Third, like 3rd party software, it’s actually simpler & provides more options to add a WordPress plugin & WordPress theme after you install & set up your site.
So, feel free to fill out the questionnaire, but also feel free to skip for now. You can undo any mistakes easily later no matter what route you take.
After this screen, you’ll land on your Bluehost hosting dashboard. If you bought your domain with them, then you can skip to down to Install & Configure WordPress.
If you bought your domain at a 3rd party, then we’ll move to Step 4 to connect your domain with your website.

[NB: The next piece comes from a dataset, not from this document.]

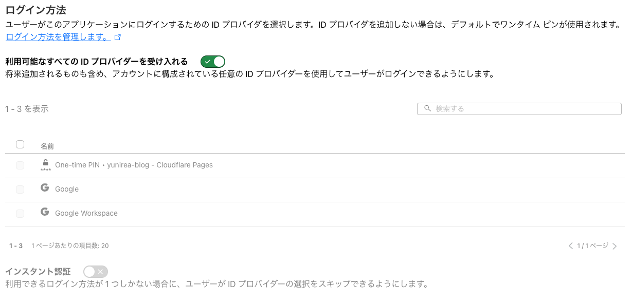 個人的なオススメとしてはログイン手法は1つのみにして「インスタント認証」を有効にすることでシームレスにGoogleログイン画面に遷移できるのでおすすめです。

Step 4. Add Nameservers to your domain name & confirm the connection.
Before you do anything else, head over to the Domains section of your Dashboard.
Then, go to Manage –> DNS. You do not need to transfer your domain registration to Bluehost. Remember, the whole point of registering your domain elsewhere is so that if something were to happen, you can quickly move your website somewhere else.
Next, copy Bluehost’s name servers. They should be ns1.bluehost.com and ns2.bluehost.com – then take them to your registrar.
At your registrar, paste those name servers into the DNS nameserver fields and save. Here’s what it looks like at Namecheap.
And here’s what it looks like at GoDaddy.
It may take a couple of minutes for your DNS records to “propagate” throughout the Internet. But once they do, anytime someone types in your domain name, they’ll get routed to your website on your hosting account.
How To Install and Configure WordPress
So now that we have an address and a place for our website to live, we can dive into how to set up a WordPress website on the server. WordPress is going to be the software that powers your website. But before it can power your website – it needs to be installed & configured on your hosting server.
Installing WordPress With QuickInstall
While you can certainly install WordPress manually, Bluehost (and others mentioned) has an excellent, free, secure tool that automagically installs WordPress on your account. In fact, as I mentioned before, Bluehost assumes you want WordPress when you purchase a plan unless you tell them you don’t.
Step 0. WordPress Install Background
Even though you no longer have to “install” WordPress on your hosting account in a technical sense. It is definitely worth briefly understanding how it’s installed before configuring your new site.
First, your hosting account has a nice, clean Bluehost dashboard that sort of lives on top of traditional cPanel software that manages your hosting account. You can find it under the Advanced tab. You don’t need it now, but you will need to find it in the future.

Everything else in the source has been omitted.